On April 11, 2017, Spicer issued a statement in reference to the Khan Shaykhun chemical attack. He said that Russia should not support the Syrian government and also commented that in World War II "You had someone as despicable as Hitler who didn't even sink to using chemical weapons."[67][68] However, hydrogen cyanide, the active component of Zyklon B, which was used to kill people in Hitler's gas chambers, is identified as a chemical weapon under the 1993 Chemical Weapons Convention.[69]

His remarks were widely criticized, especially given the fact that the timing of the remarks coincided with the Jewish holiday of Passover.[70] Spicer later clarified that he was not trying to deny that Hitler used lethal gas during the Holocaust, instead that he was trying to compare how Assad dropped bombs on population centers to how Hitler used the gas.[71] Amid calls for his resignation, Spicer apologized the next day.[70][72]

Relationship with White House press corps

As White House press secretary, Spicer has had a contentious relationship with the White House press corps.[8][9][10] In February 2017, the White House selectively blocked several news outlets—including the BBC, CNN, New York Times, Los Angeles Times and Politico—from an off-camera briefing (or "gaggle") with Spicer, a move that prompted strong objections from the outlets concerned, as well as by the White House Correspondents' Association.[73][74][75] The barring of the outlets was "a rare and surprising move that came amid President Trump's escalating war against the media."[75] Reporters from the Associated Press and Time magazine were admitted to the briefing, but chose not to attend in protest of the exclusion of other journalists.[74][75]

Upcoming resignation

On July 21, 2017, Spicer announced his intention to resign as White House Press Secretary. He made his decision known immediately after President Trump appointed financier Anthony Scaramucci as White House communications director. In the weeks leading up to the resignation announcement, Spicer had sought "a more strategic communications role" in the White House.[15] Trump had reportedly been dissatisfied for some time with Spicer's performance as White House Press Secretary.[76] According to the New York Times, Trump asked Spicer to stay on, but Spicer announced his resignation after telling the President he "vehemently disagreed" with the appointment of Scaramucci. In a tweet, Spicer said that it has been "an honor and a privilege" to serve Trump and that he will continue his service through August 2017.[16] He will be replaced by Sarah Huckabee Sanders.[77]

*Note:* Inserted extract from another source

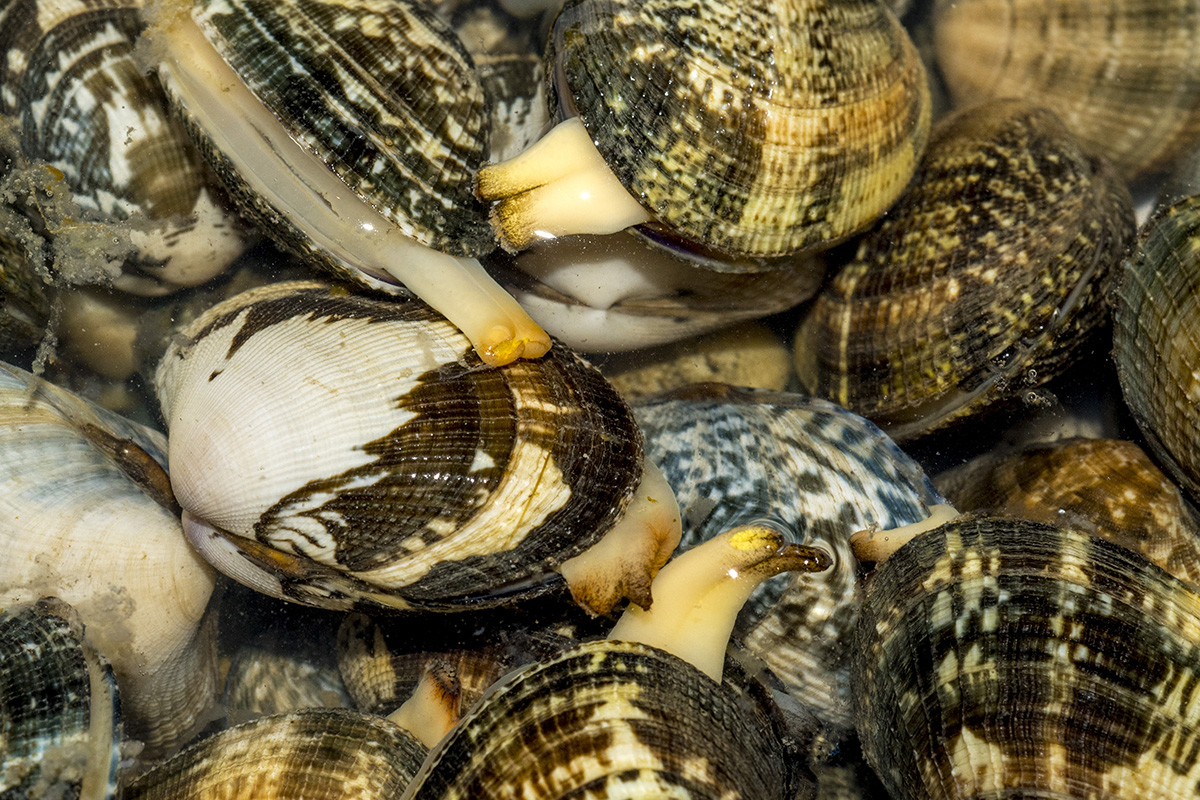Il primo passo per la realizzazione della ricetta è, al solito, la materia prima. Su molte etichette di molluschi potete leggere “il prodotto deve essere venduto vivente e vitale”. Non è sufficiente che sia vivo ma lo vogliamo anche vispo… magari come questa vongola che fa avances con un “vongolo” un po’ timido…

Defendant in Twitter lawsuit

On July 11, 2017, Spicer, along with Donald Trump, and Dan Scavino (the White House director of social media), was sued by the Knight First Amendment Institute at Columbia University in U.S. federal court in Manhattan. The suit, Knight First Amendment Institute v. Trump, alleges that Trump and the White House officials violated the First Amendment by blocking some users from accessing Trump's Twitter content.[78]

Popular culture

Several commentators have compared Spicer to "Baghdad Bob."[79][80][81]

On January 24, 2017, Trevor Noah profiled Spicer on The Daily Show with a segment called "Profiles in Tremendousness". Noah likened him to an air freshener "that just makes things worse" in the restroom and roasted him about using "alternative facts".[82][83]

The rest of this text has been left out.